5.1. Adam Nowak ......................................................................................................................................................

5.2. ul. Morska 7, 50-000 Gdynia .............................................................................................................................................................................................

............................................................................................................................................................................................................

5.3. 16.03.2023

.........................................................

5.4. Podpis

.........................................................

POUCZENIE

Proszę wypełnić formularz drukowanymi literami, wpisując tekst wyłącznie w miejscach wykropkowanych. Formularz składa

się z trzech stron, z których żadnej nie można pominąć, nawet jeśli nie zawiera stosownych informacji.

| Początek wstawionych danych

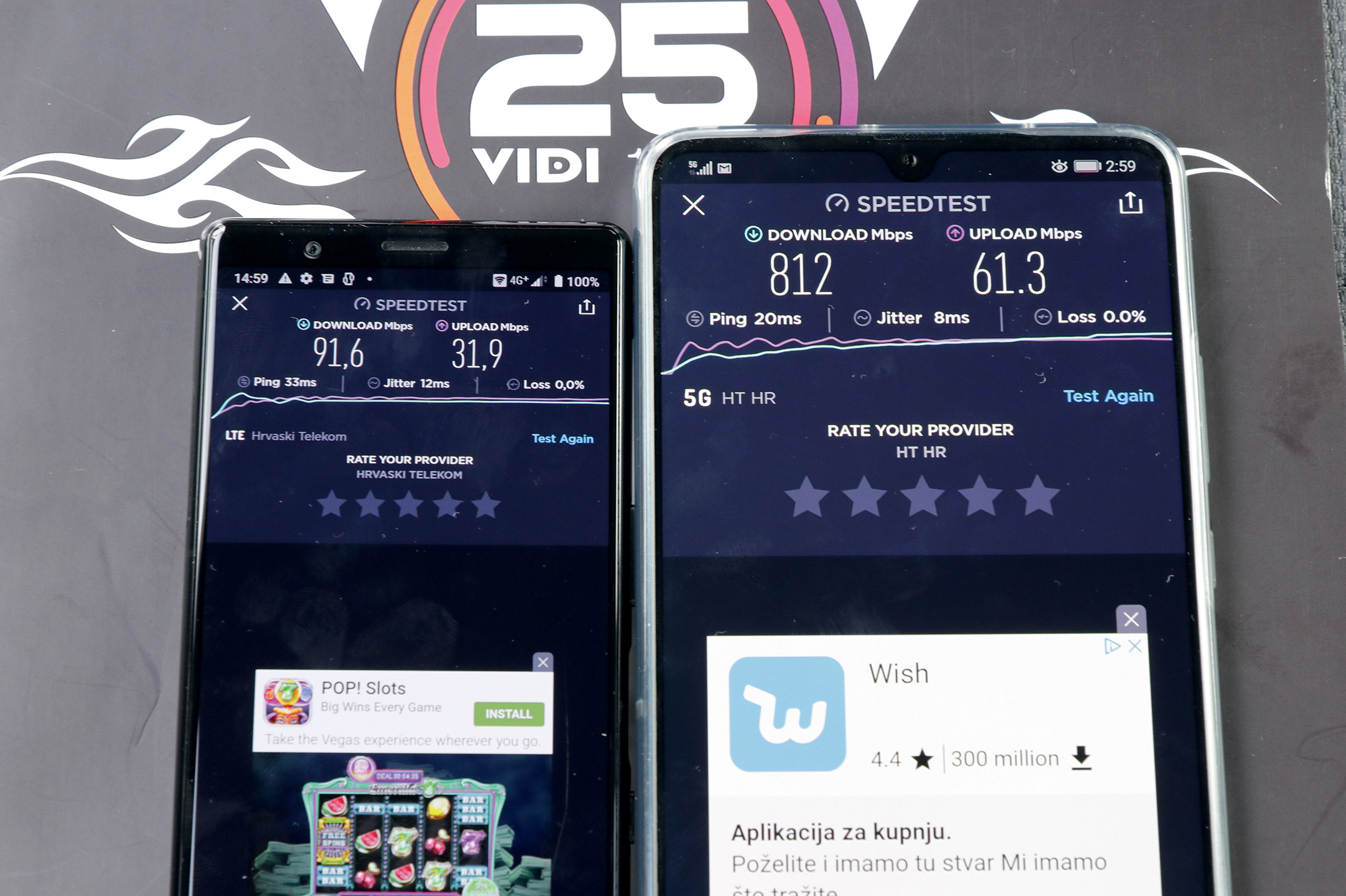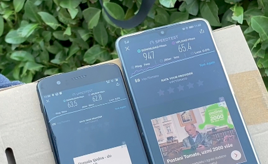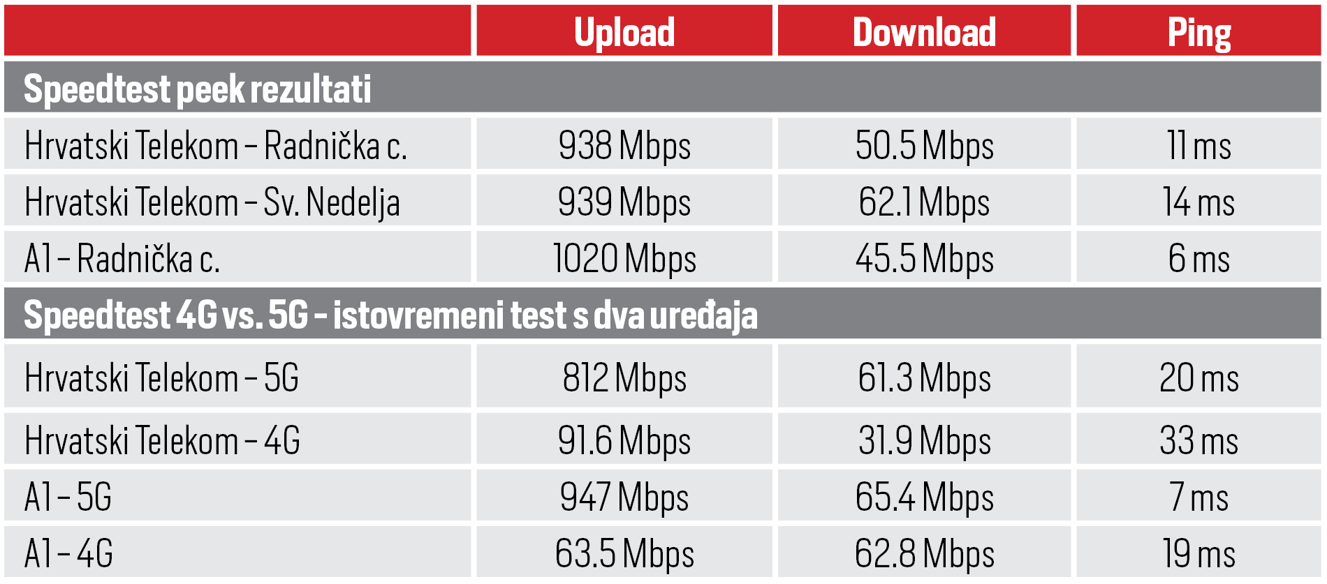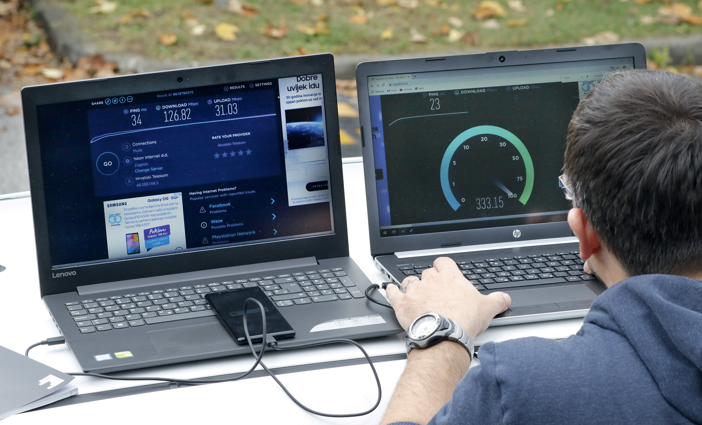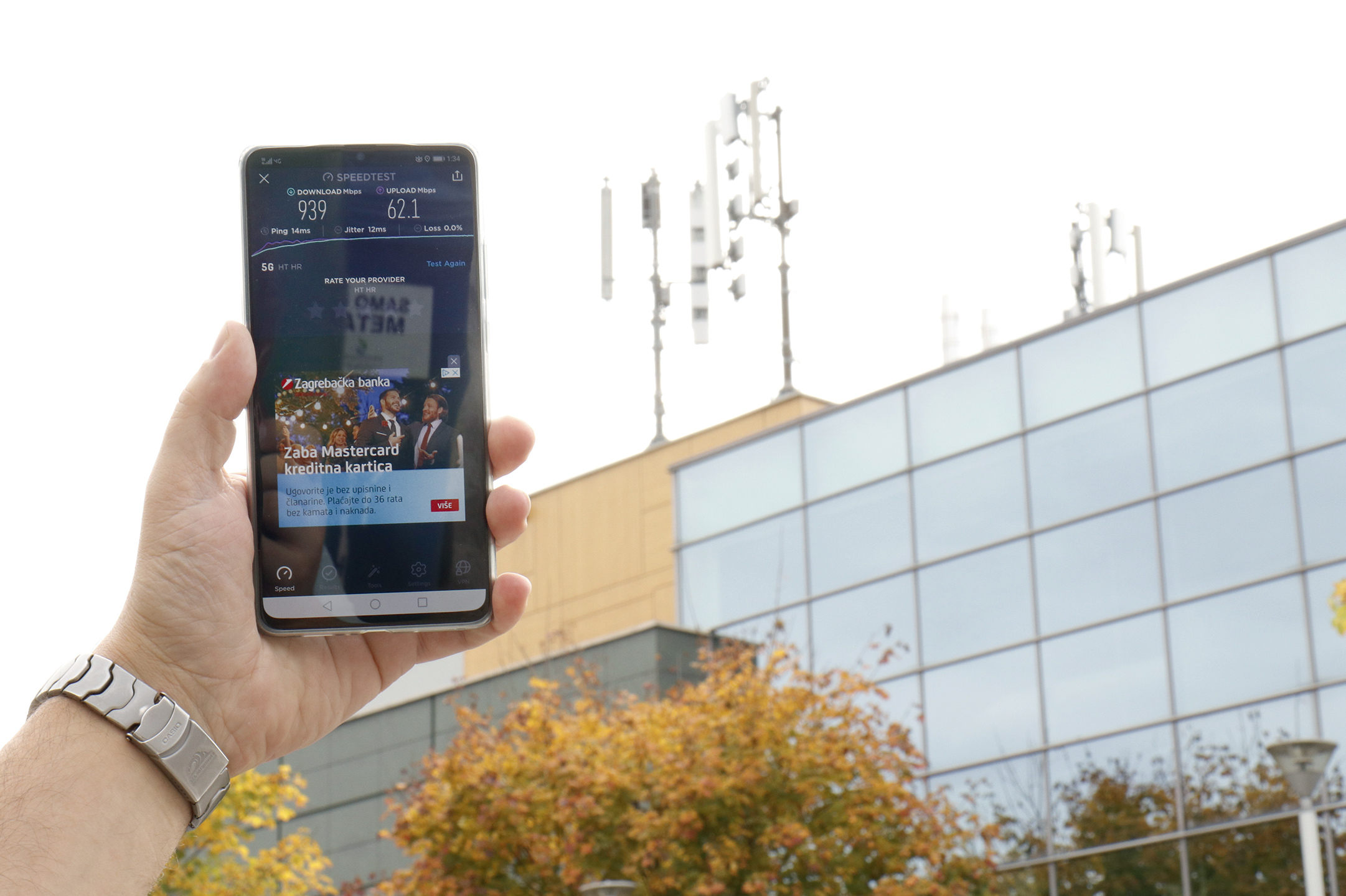 Na Radničkoj cesti kod zgrade Hrvatskog Telekoma, gdje se nalazi trenutno jedina 5G bazna stanica Hrvatskog Telekoma u Zagrebu, izmjerili smo propusnost mreže uz pomoć smartphonea Huawei Mate 20 x 5G te smo pored zgrade Hrvatskog Telekoma izmjerili brzine nešto veće od 800 Mbps. Udaljivši se dvjestotinjak metara od zgrade, gdje smo imali i bolju optičku vidljivost s 5G antenom na vrhu zgrade Hrvatskog Telekoma, izmjerili smo 926 Mbps uz ping od 19 ms.
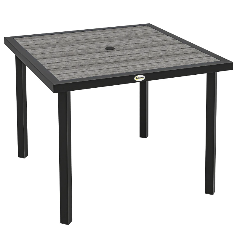 Outsunny Square Garden Dining Table with Parasol Hole, Slatted Top, Metal Frame, 86 x 86 x 71 cm, Light Grey
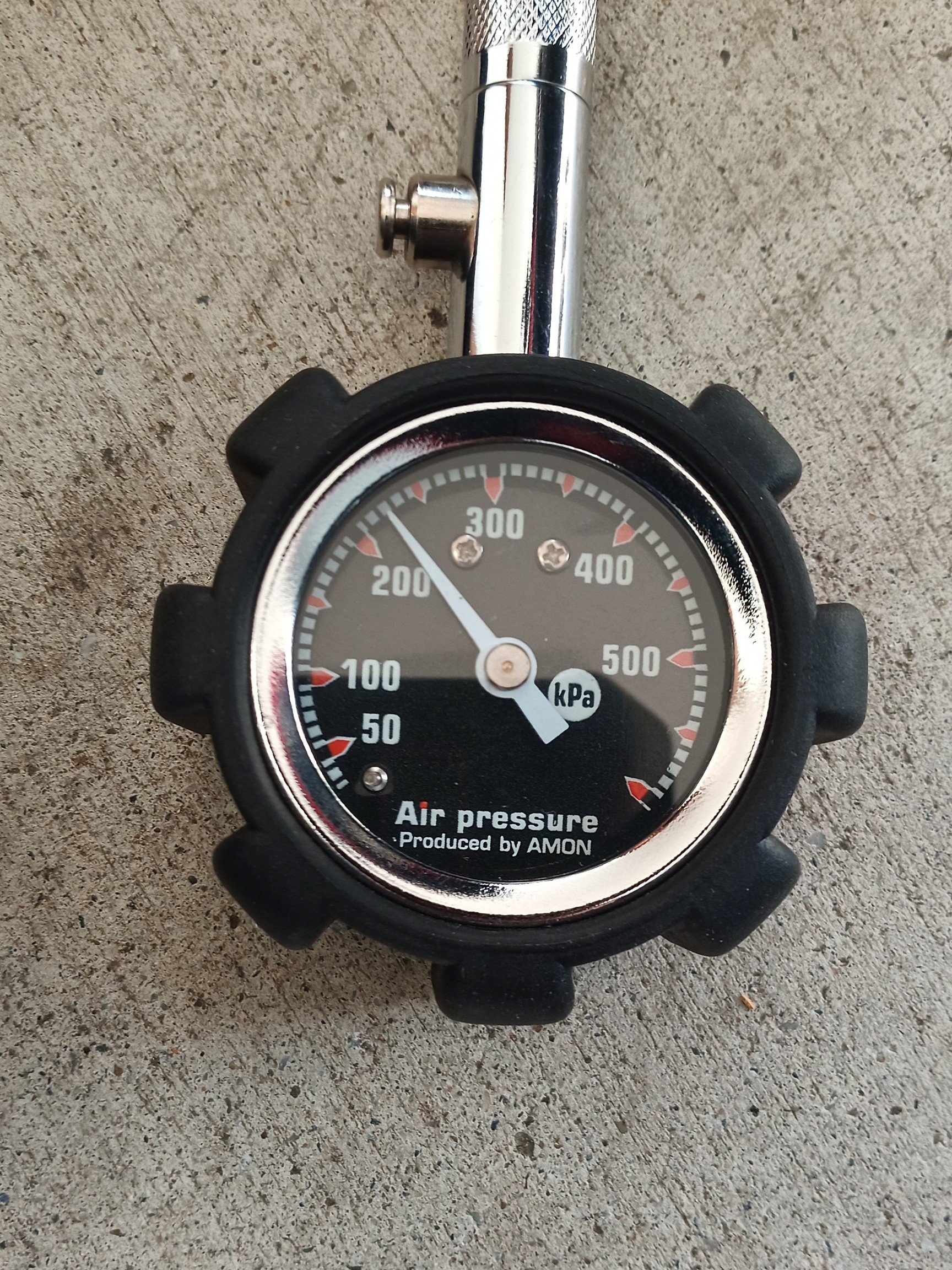 この写真はフロントタイヤの空気圧で、左が土曜日に220kpaにした直後、右は月曜日に測った空気圧で160kpaだ。
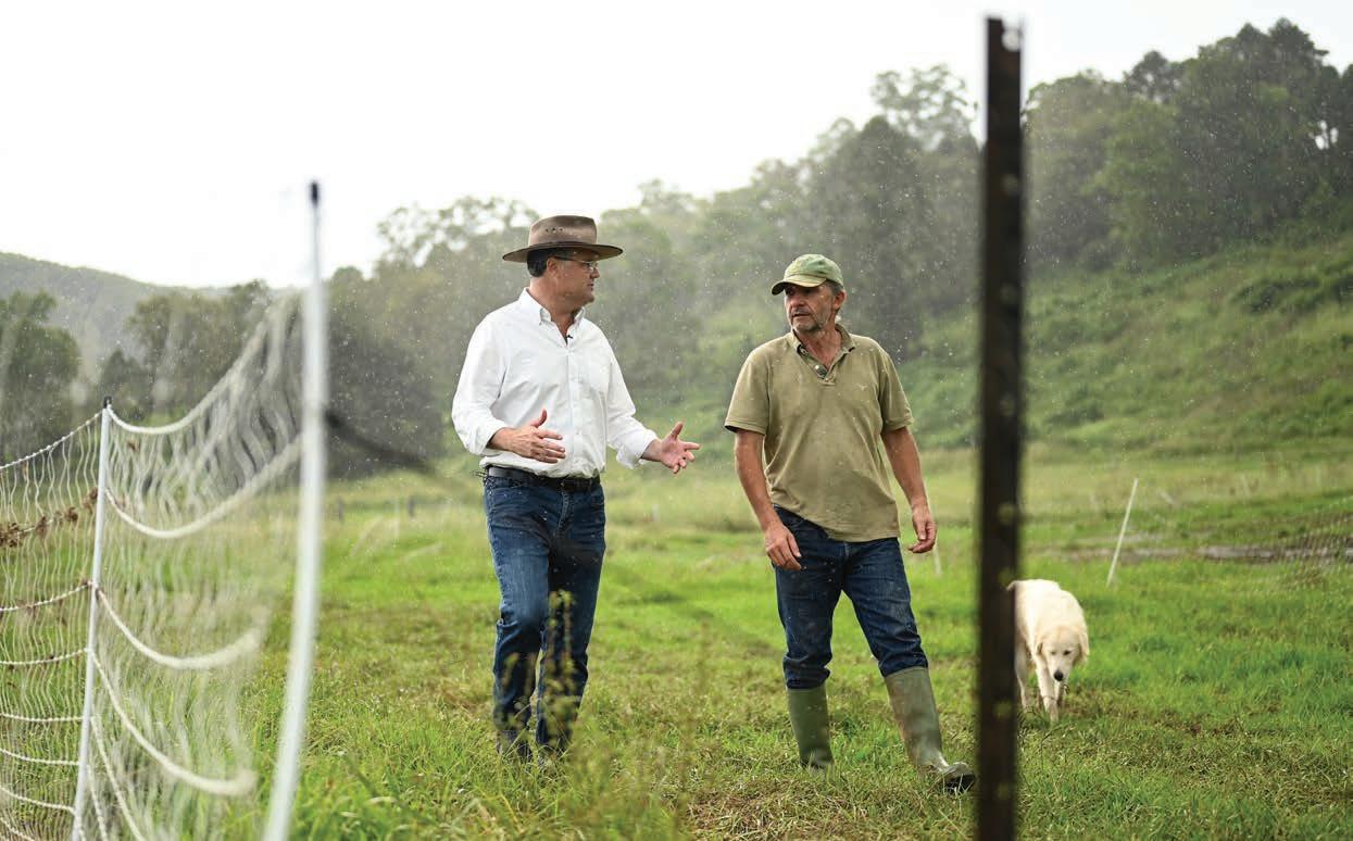 Ted met with residents affected by the February floods, including Gordon McWilliam, Kenilworth Free Range Farm
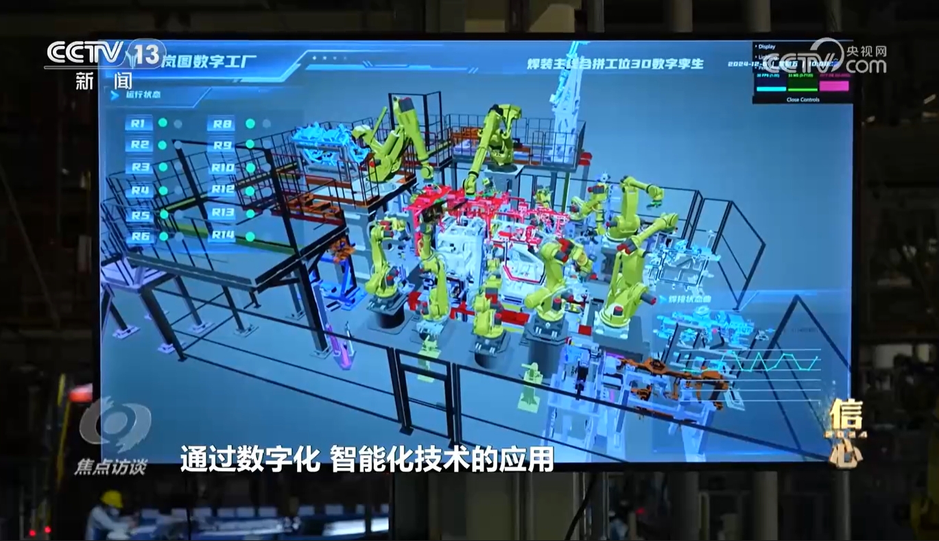 卢放:“这个智能制造工厂采用了‘5G+工业互联网’、大数据、云计算、数字孪生等信息化技术,是国家级的智能制造示范工厂,通过数字化、智能化技术的应用,极大地提升了生产效率。可以满足4款车型的混流生产,同时能够满足上万种不同配置车型的随机生产,只有这样才能满足用户个性化需求,目前这个工厂可以做到118秒就能下线一台整车。”

Formularz powinien

być wypełniony w języku lekarza wystawiającego zaświadczenie.

UWAGI

(1) Symbol państwa, którego instytucja wypełnia formularz: PL

(1a) W przypadku obywateli Hiszpanii należy podać obydwa nazwiska rodowe. W przypadku obywateli Portugalii należy podać pełne

dane (imiona, nazwisko, nazwisko panieńskie) w kolejności określonej przez stan cywilny, w jakiej występują w dowodzie tożsa-

mości lub w paszporcie.

(2) W przypadku dzielnic portugalskich należy podać też parafię i władze lokalne.

(3) Jeśli formularz ma być przesłany do instytucji DE, należy podać DE12345;

(4) Miejsce zamieszkania

(5) Lub lekarz z kasy wyznaczonej przez instytucję łącznikową.

(6) W Słowenii jest to wybrany lekarz.

Zaświadczenie lekarskie dla potrzeb świadczeń rodzinnych jest istotnym dokumentem potwierdzającym stan zdrowia pacjenta oraz jego ewentualne potrzeby specjalistycznej opieki czy wsparcia. Dzięki niemu można ubiegać się o świadczenia rodzinne, które stanowią ważne wsparcie dla rodzin znajdujących się w trudnej sytuacji finansowej.